-- REQUIRED WORK --
Only the text of the entries below should appear in your exact transcription; leave out every picture.

-- RECORDS PROVIDED --
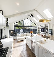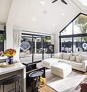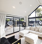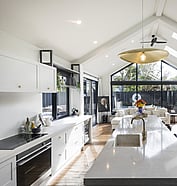 Step inside to a light-filled interior designed for effortless living and entertaining. The open-plan kitchen and dining area is framed by skylights and floor-to-ceiling windows, flooding the space with natural light and connecting seamlessly to the expansive outdoor deck. With strong indoor-outdoor flow and a layout built for gatherings, this home is the perfect blend of form and function.
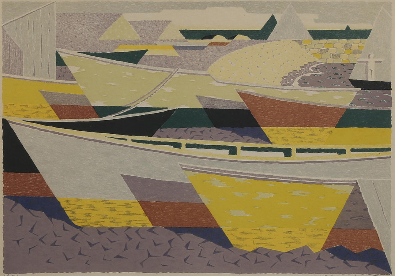 Waldemar Lorentzon, motiv med båtar. Bildyta ca 28x40 cm. Samtliga numrerade 168/300.
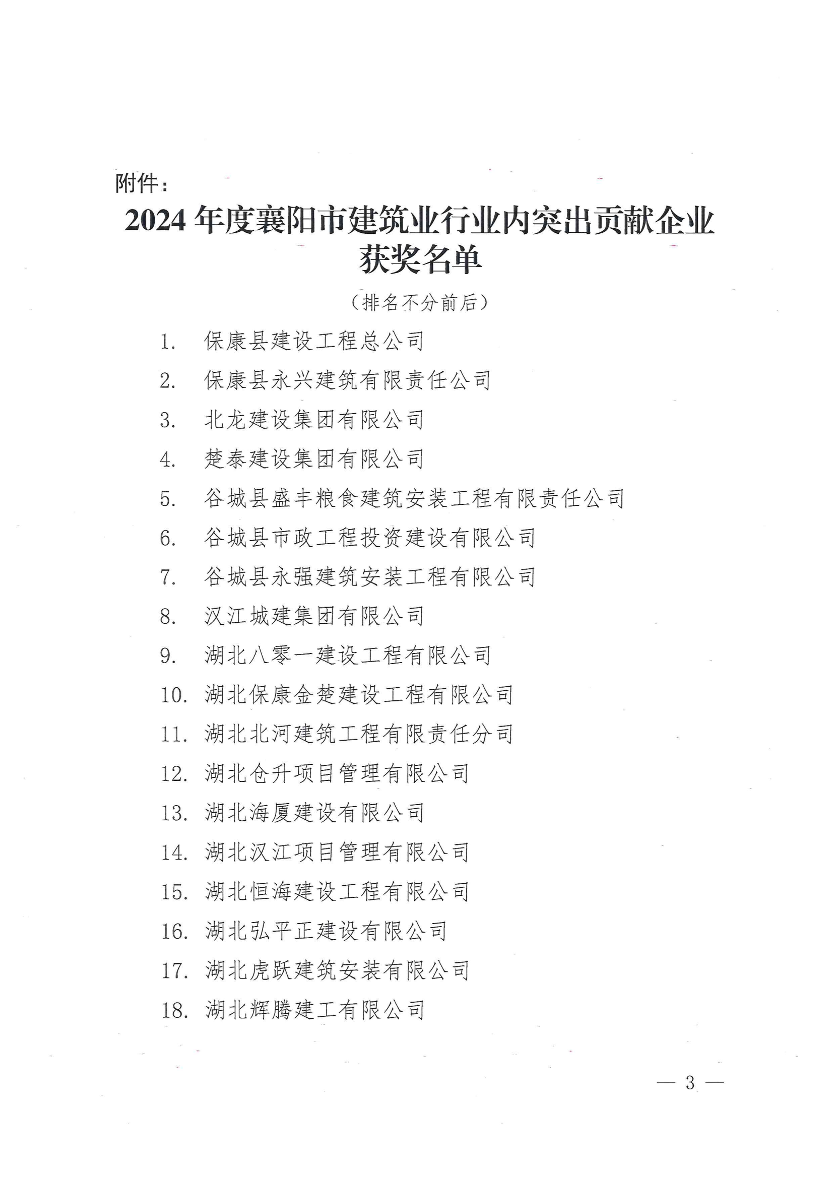 關(guān)于2024年度襄陽市建筑業(yè)行業(yè)內(nèi)突出貢獻企業(yè)、建筑業(yè)行業(yè)內(nèi)突出貢獻企業(yè)經(jīng)理、建筑業(yè)行業(yè)內(nèi)突出貢獻項目經(jīng)理評選結(jié)果的公示
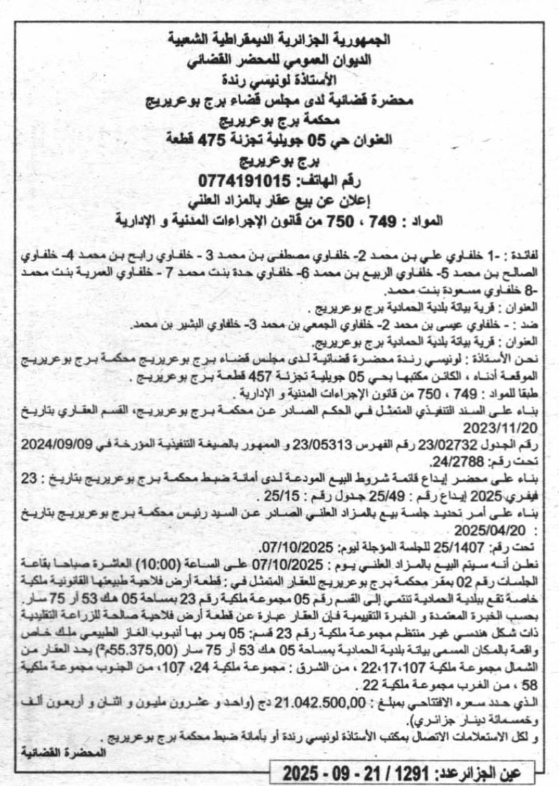 Il sera procédé à la vente au plus offrant et dernier enchérisseur le :
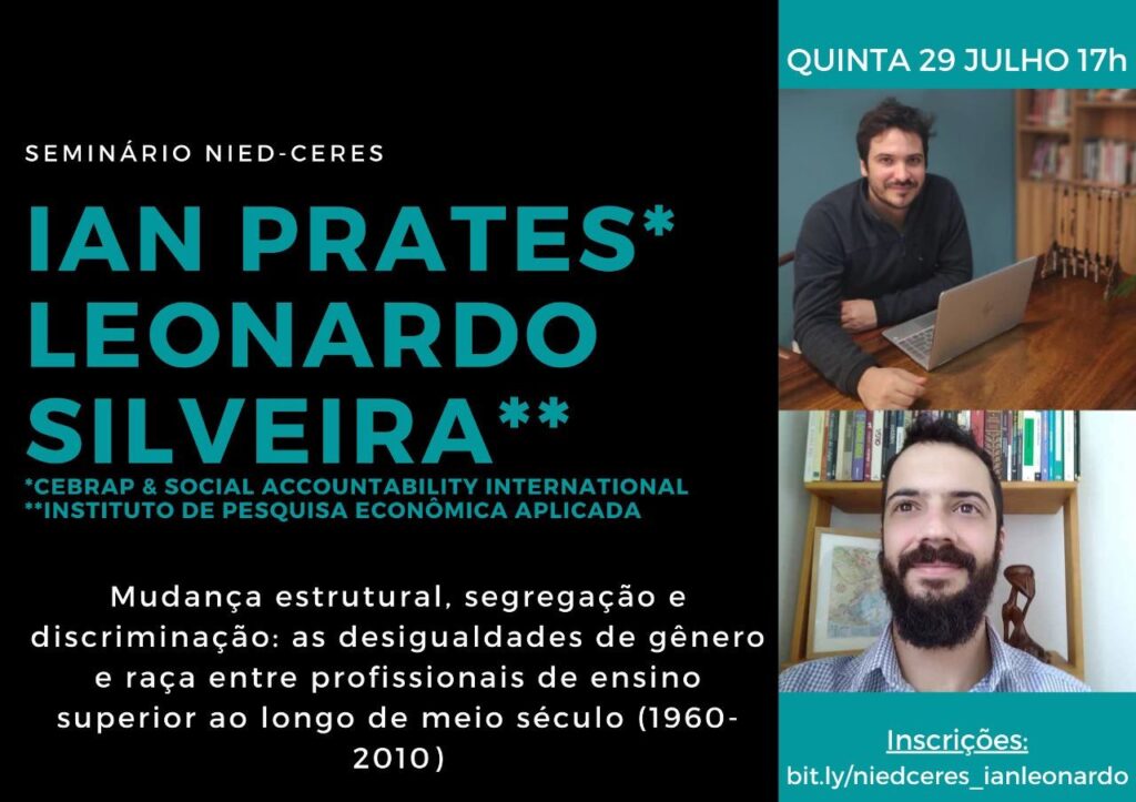No dia 29 de julho de 2021, às 17h, os Seminários NIED-CERES convidam Ian Prates (Cebrap) e Leonardo Silveira (Ipea) para apresentarem sua pesquisa Mudança, Segregação e discriminação: as desigualdades de gênero e raça entre profissionais de ensino superior ao longo de meio século (1960-2010). Para participar do seminário através da plataforma Zoom, basta se inscrever através deste link. O seminário pode ser assistido também através do canal do ciclo no YouTube.

-- TASK RESULT --
 Step inside to a light-filled interior designed for effortless living and entertaining. The open-plan kitchen and dining area is framed by skylights and floor-to-ceiling windows, flooding the space with natural light and connecting seamlessly to the expansive outdoor deck. With strong indoor-outdoor flow and a layout built for gatherings, this home is the perfect blend of form and function.
 Waldemar Lorentzon, motiv med båtar. Bildyta ca 28x40 cm. Samtliga numrerade 168/300.
 關(guān)于2024年度襄陽市建筑業(yè)行業(yè)內(nèi)突出貢獻企業(yè)、建筑業(yè)行業(yè)內(nèi)突出貢獻企業(yè)經(jīng)理、建筑業(yè)行業(yè)內(nèi)突出貢獻項目經(jīng)理評選結(jié)果的公示
 Il sera procédé à la vente au plus offrant et dernier enchérisseur le :
No dia 29 de julho de 2021, às 17h, os Seminários NIED-CERES convidam Ian Prates (Cebrap) e Leonardo Silveira (Ipea) para apresentarem sua pesquisa Mudança, Segregação e discriminação: as desigualdades de gênero e raça entre profissionais de ensino superior ao longo de meio século (1960-2010). Para participar do seminário através da plataforma Zoom, basta se inscrever através deste link. O seminário pode ser assistido também através do canal do ciclo no YouTube.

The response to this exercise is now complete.